Stored items from a collection:

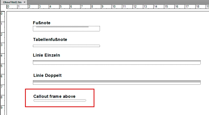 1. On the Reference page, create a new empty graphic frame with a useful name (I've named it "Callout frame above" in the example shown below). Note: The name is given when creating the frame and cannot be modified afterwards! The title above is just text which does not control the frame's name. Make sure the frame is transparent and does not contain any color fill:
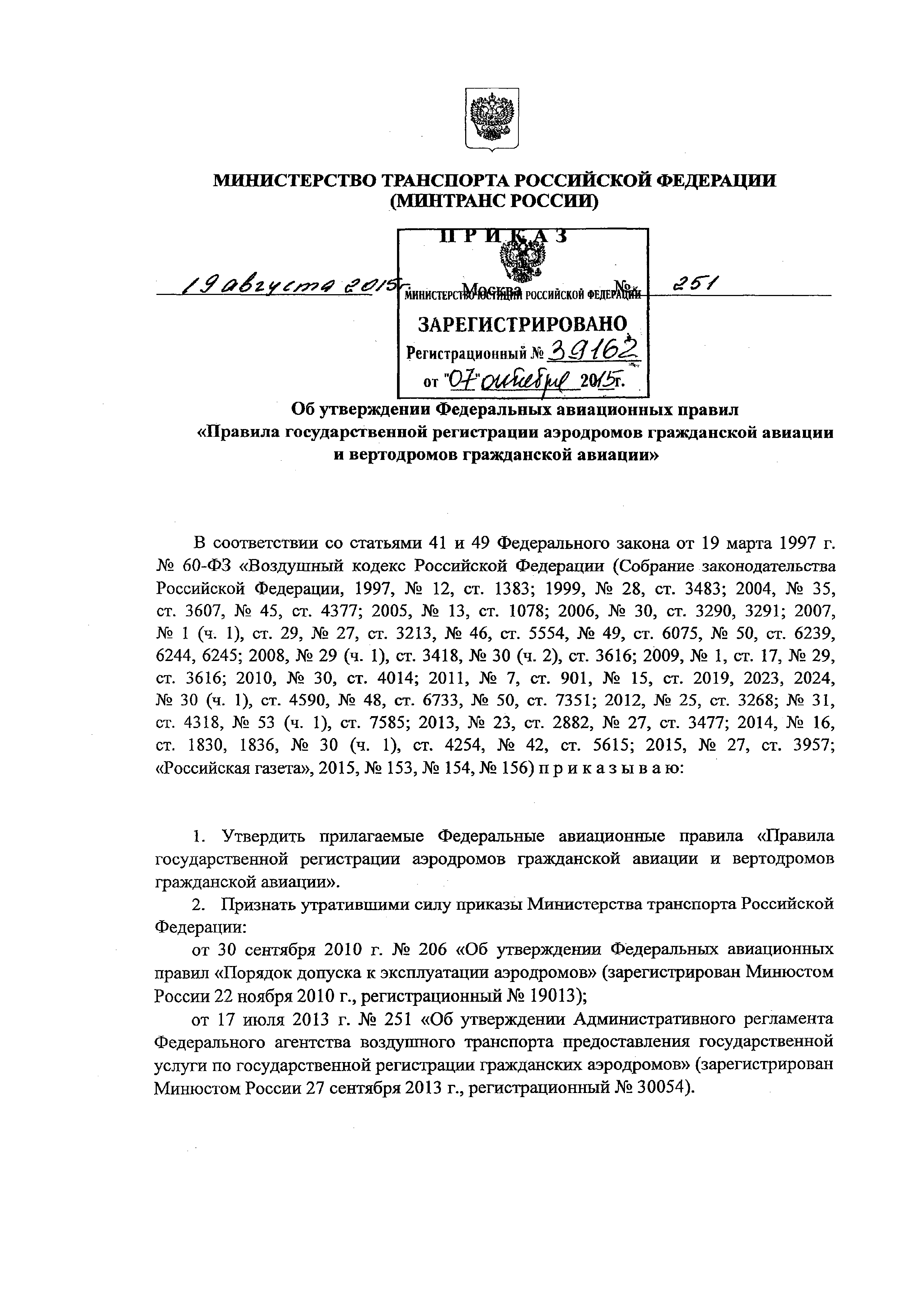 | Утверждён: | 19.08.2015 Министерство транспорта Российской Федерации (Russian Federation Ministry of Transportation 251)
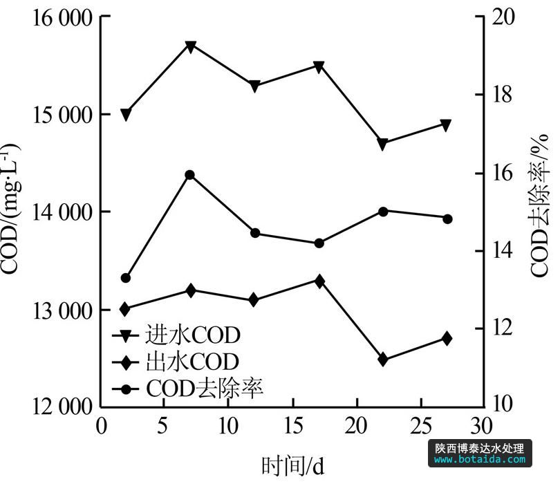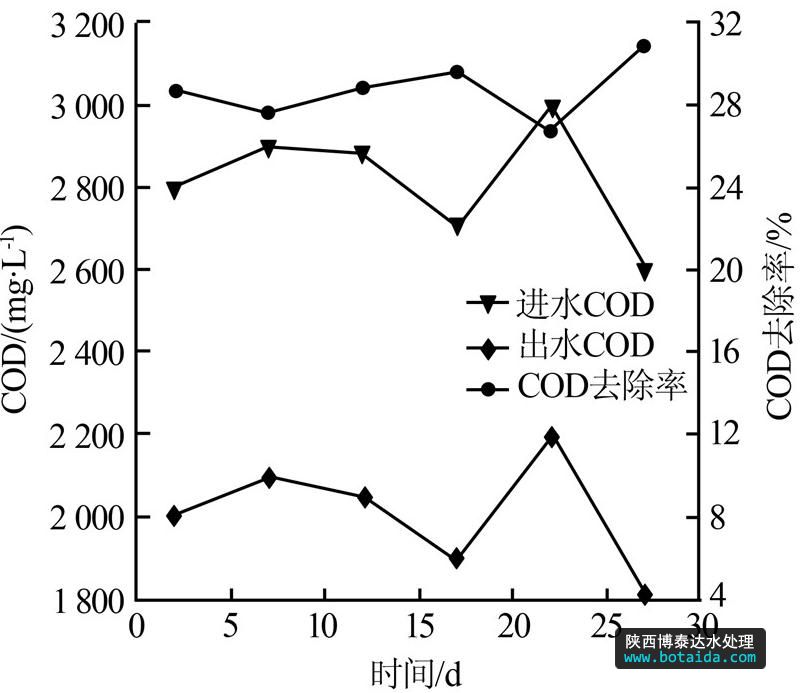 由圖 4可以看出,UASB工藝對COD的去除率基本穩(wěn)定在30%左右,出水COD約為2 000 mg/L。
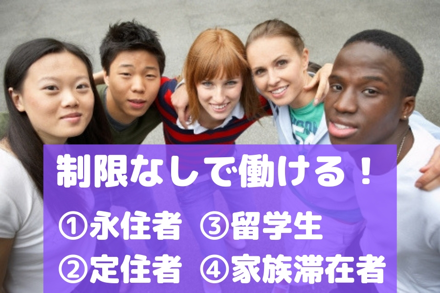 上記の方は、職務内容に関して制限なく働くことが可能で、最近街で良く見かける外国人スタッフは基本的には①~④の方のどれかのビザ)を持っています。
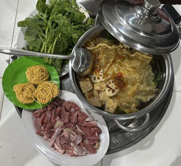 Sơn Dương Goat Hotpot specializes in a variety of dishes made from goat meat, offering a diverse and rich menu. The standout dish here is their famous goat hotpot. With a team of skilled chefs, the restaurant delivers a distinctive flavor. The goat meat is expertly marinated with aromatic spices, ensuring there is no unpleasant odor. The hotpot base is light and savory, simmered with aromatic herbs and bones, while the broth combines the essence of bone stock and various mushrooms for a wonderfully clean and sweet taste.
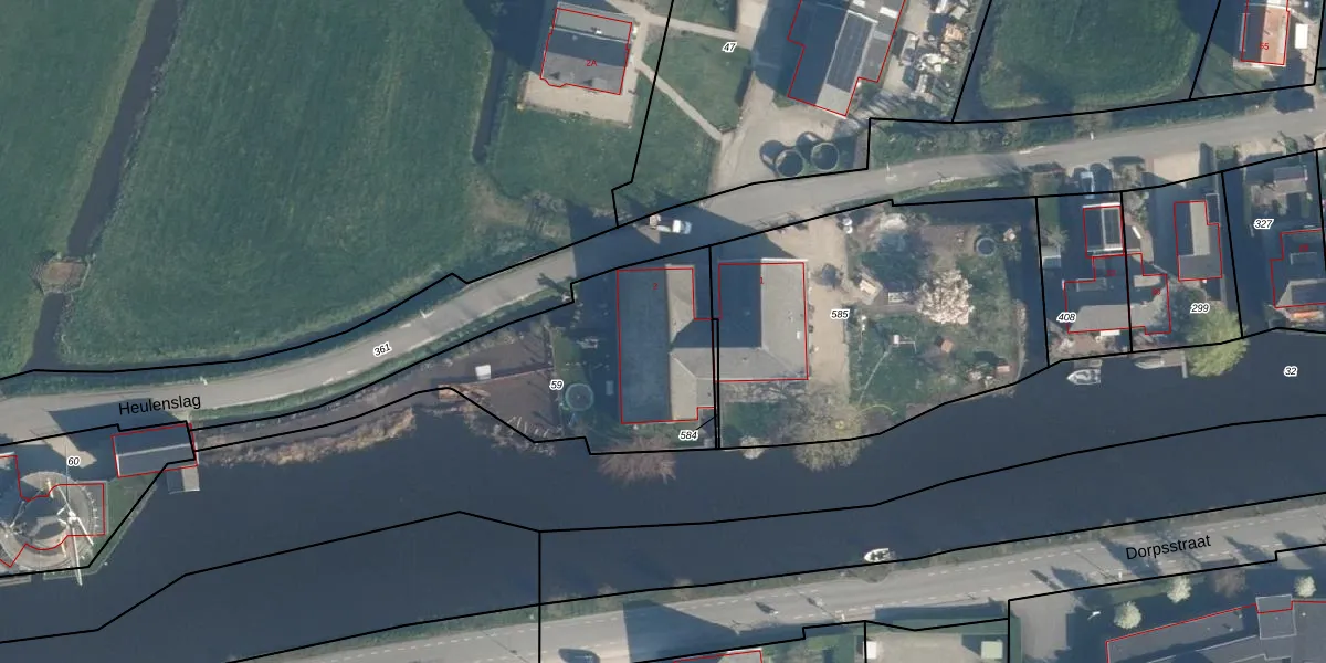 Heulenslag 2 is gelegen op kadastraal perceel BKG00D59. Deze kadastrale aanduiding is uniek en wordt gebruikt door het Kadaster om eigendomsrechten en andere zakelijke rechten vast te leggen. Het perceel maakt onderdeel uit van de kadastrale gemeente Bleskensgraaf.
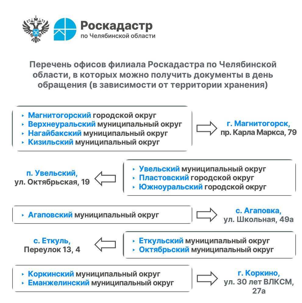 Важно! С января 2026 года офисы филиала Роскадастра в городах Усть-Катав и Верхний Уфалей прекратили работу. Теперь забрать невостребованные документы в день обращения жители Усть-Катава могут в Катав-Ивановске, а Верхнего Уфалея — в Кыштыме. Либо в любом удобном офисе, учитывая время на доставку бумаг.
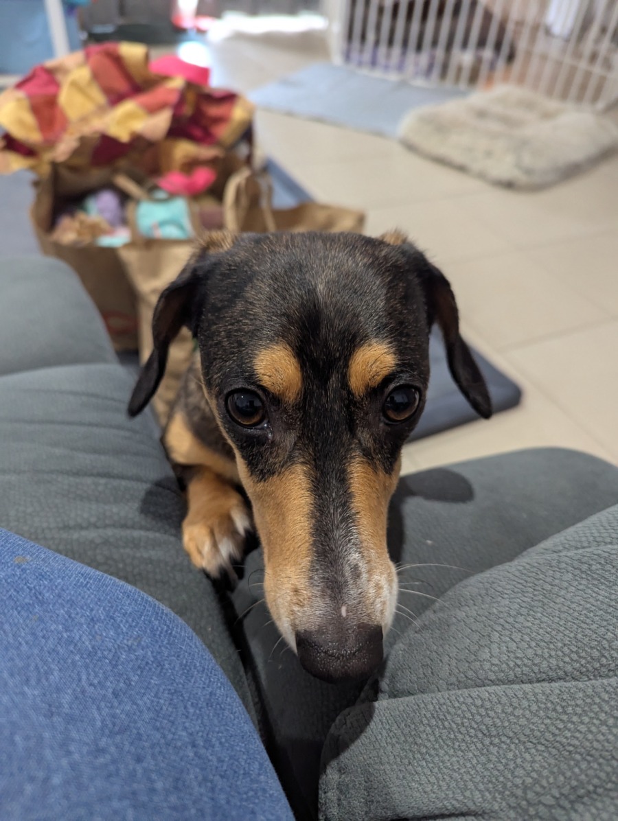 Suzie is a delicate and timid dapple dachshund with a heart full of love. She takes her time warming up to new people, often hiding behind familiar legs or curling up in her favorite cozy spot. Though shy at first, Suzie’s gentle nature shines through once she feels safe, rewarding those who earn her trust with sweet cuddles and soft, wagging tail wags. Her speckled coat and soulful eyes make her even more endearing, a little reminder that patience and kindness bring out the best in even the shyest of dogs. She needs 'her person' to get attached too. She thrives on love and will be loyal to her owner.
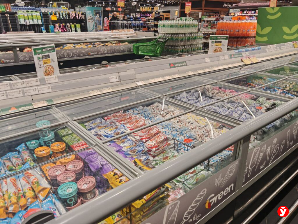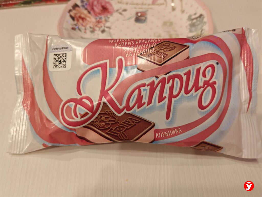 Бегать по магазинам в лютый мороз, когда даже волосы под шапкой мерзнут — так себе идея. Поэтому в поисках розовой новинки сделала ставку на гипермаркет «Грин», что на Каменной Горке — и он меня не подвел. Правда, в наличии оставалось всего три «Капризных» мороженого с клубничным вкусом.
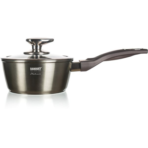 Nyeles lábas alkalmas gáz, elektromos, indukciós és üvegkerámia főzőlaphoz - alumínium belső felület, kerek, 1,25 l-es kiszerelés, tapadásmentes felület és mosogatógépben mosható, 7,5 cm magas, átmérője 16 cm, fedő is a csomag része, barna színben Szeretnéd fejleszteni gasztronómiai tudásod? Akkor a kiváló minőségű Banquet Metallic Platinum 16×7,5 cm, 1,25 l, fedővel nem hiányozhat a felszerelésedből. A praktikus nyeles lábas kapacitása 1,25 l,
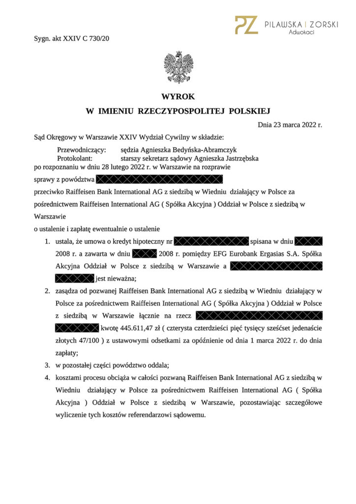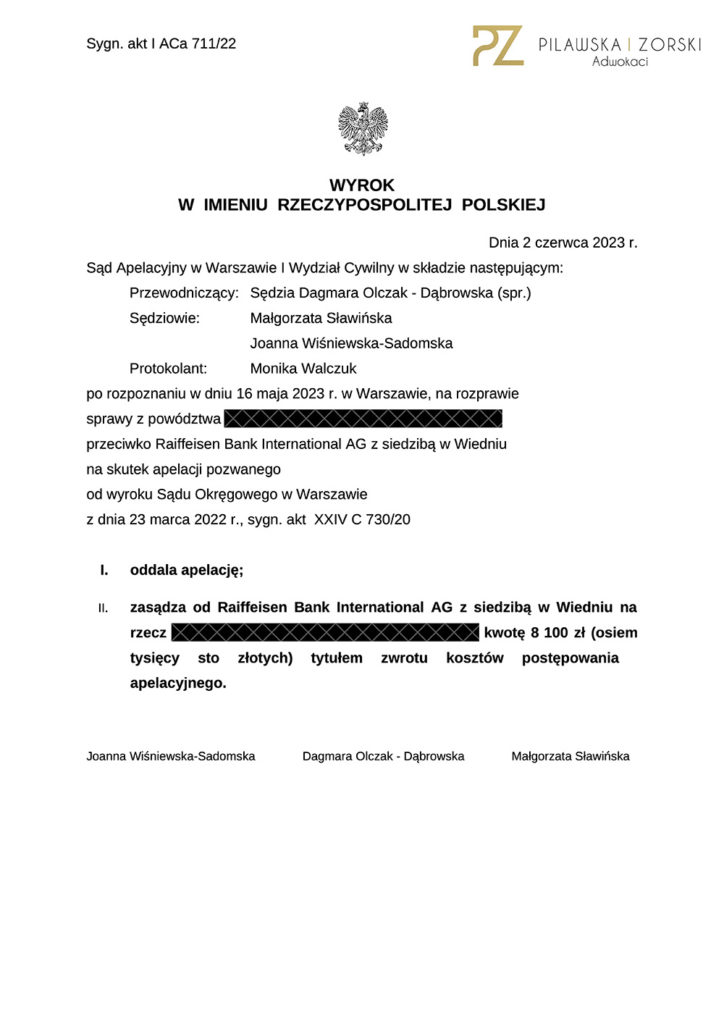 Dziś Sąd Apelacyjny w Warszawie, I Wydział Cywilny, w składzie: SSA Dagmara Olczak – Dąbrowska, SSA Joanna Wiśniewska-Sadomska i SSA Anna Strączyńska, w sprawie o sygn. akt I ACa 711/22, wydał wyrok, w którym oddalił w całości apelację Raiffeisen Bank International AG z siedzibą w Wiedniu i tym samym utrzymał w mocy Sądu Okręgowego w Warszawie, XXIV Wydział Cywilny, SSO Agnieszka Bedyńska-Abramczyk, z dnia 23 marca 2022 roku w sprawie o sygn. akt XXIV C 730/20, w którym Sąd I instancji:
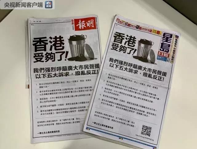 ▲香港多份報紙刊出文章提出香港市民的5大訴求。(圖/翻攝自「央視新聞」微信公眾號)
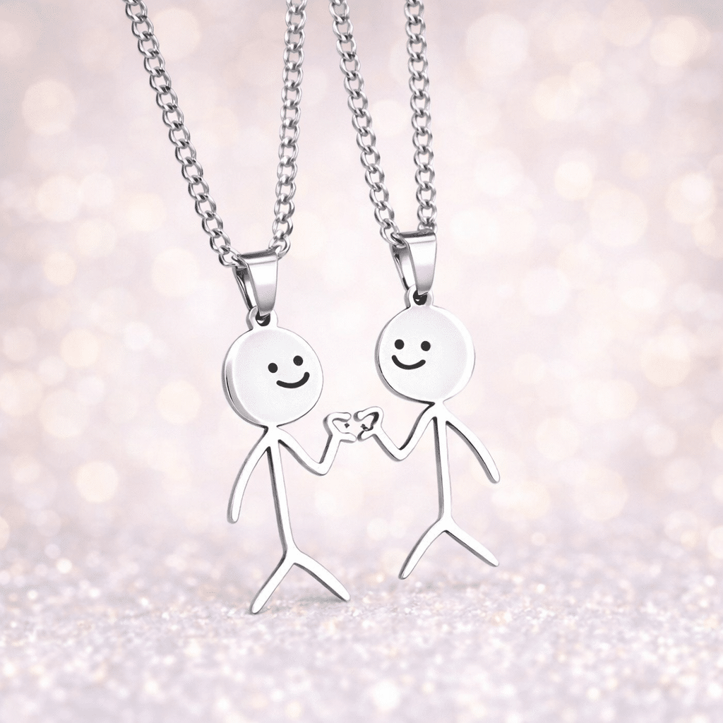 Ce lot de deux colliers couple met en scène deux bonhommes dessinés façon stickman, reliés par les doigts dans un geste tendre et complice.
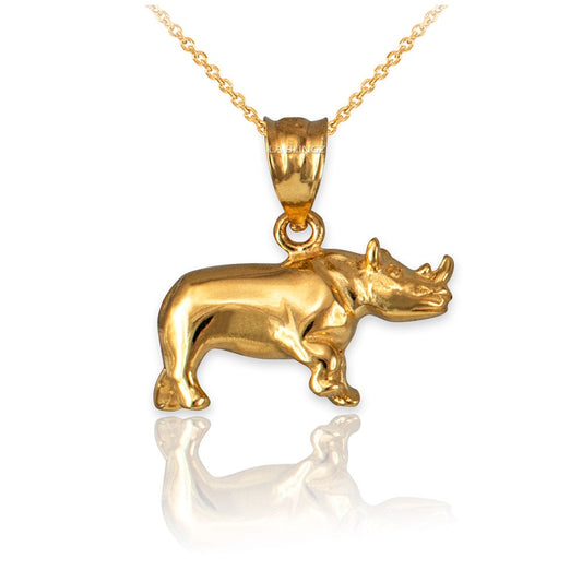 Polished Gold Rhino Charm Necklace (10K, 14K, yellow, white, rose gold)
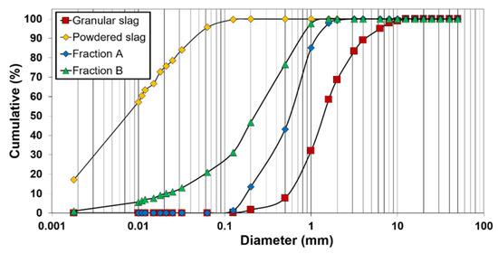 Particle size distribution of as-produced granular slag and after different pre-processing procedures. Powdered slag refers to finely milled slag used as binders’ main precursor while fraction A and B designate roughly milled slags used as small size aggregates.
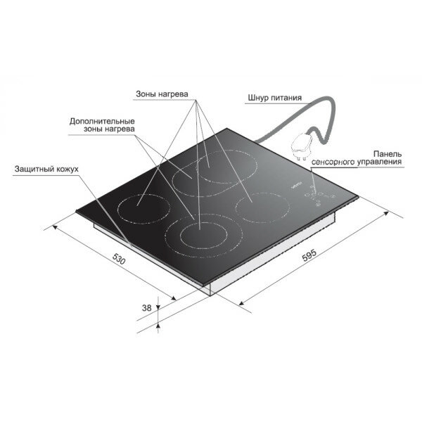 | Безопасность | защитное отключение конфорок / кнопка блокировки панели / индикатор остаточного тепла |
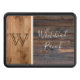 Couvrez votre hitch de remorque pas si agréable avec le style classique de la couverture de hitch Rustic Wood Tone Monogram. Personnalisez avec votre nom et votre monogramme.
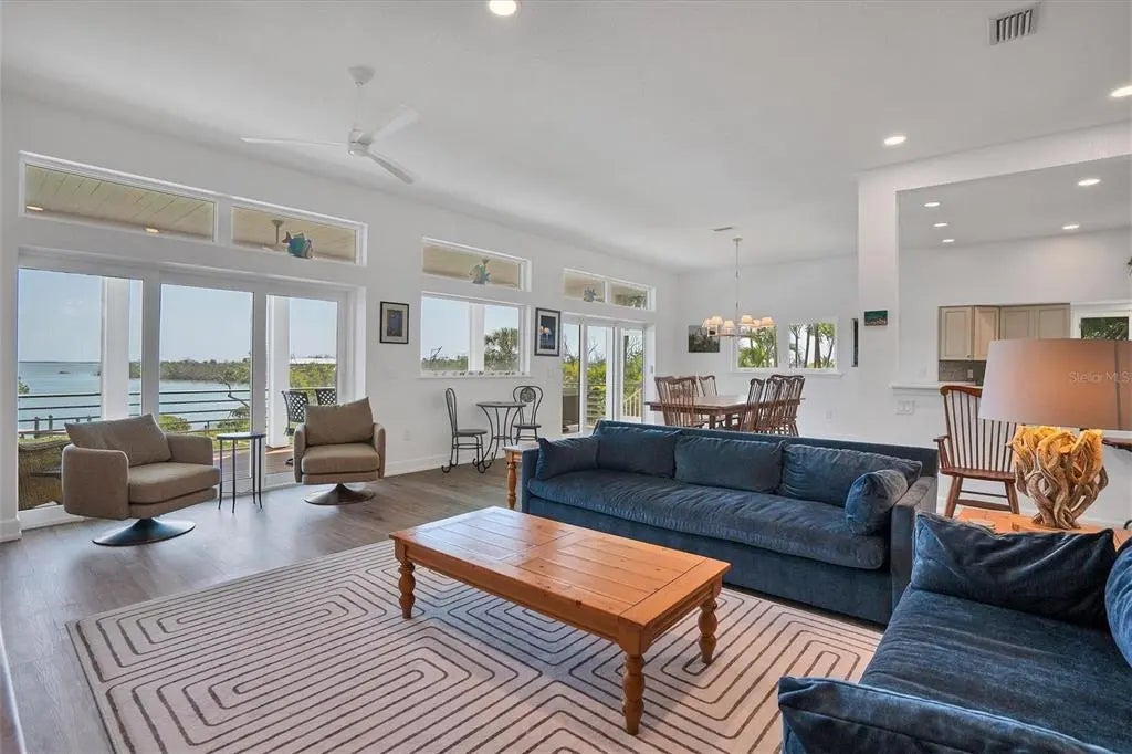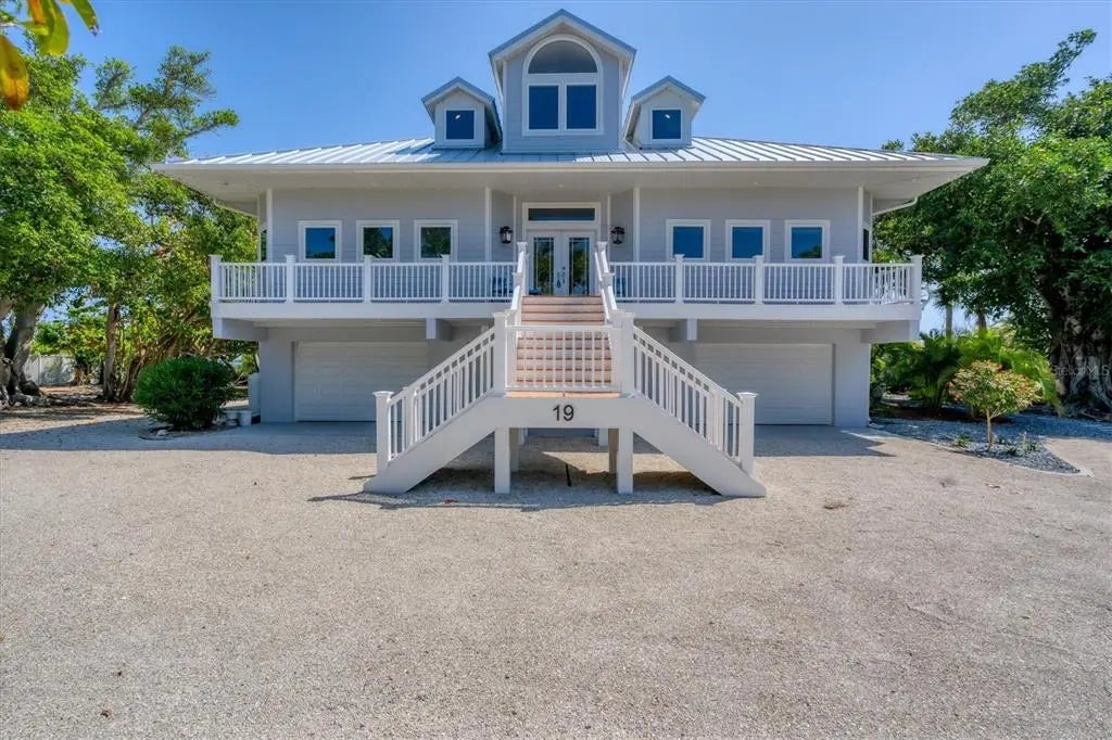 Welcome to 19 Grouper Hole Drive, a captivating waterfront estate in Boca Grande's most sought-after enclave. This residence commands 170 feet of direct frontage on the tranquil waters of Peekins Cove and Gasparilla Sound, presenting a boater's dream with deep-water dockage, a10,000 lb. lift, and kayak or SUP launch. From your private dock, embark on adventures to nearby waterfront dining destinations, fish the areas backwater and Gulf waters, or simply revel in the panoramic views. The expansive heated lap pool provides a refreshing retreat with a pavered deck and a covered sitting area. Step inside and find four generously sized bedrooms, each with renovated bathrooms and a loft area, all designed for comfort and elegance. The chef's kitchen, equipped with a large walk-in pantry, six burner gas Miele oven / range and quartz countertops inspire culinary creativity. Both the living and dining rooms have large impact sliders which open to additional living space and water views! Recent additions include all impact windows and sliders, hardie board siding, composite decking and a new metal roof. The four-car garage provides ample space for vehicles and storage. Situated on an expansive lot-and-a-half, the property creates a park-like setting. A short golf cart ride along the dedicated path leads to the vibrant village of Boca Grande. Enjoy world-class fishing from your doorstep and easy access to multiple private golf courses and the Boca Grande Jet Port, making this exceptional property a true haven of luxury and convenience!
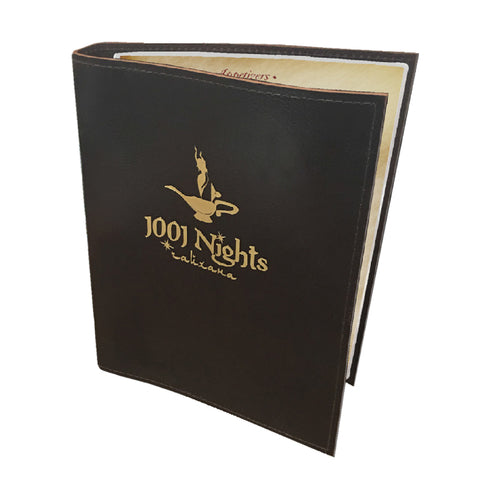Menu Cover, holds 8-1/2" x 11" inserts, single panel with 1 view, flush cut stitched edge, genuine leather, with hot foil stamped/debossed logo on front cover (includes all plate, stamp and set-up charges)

Work request ->
With pictures excluded, reproduce exactly the lines above from the one containing "остаточного тепла |" down to the one containing "Couvrez votre hitch", those two included.

Result for this exercise ->
 | Безопасность | защитное отключение конфорок / кнопка блокировки панели / индикатор остаточного тепла |
 Couvrez votre hitch de remorque pas si agréable avec le style classique de la couverture de hitch Rustic Wood Tone Monogram. Personnalisez avec votre nom et votre monogramme.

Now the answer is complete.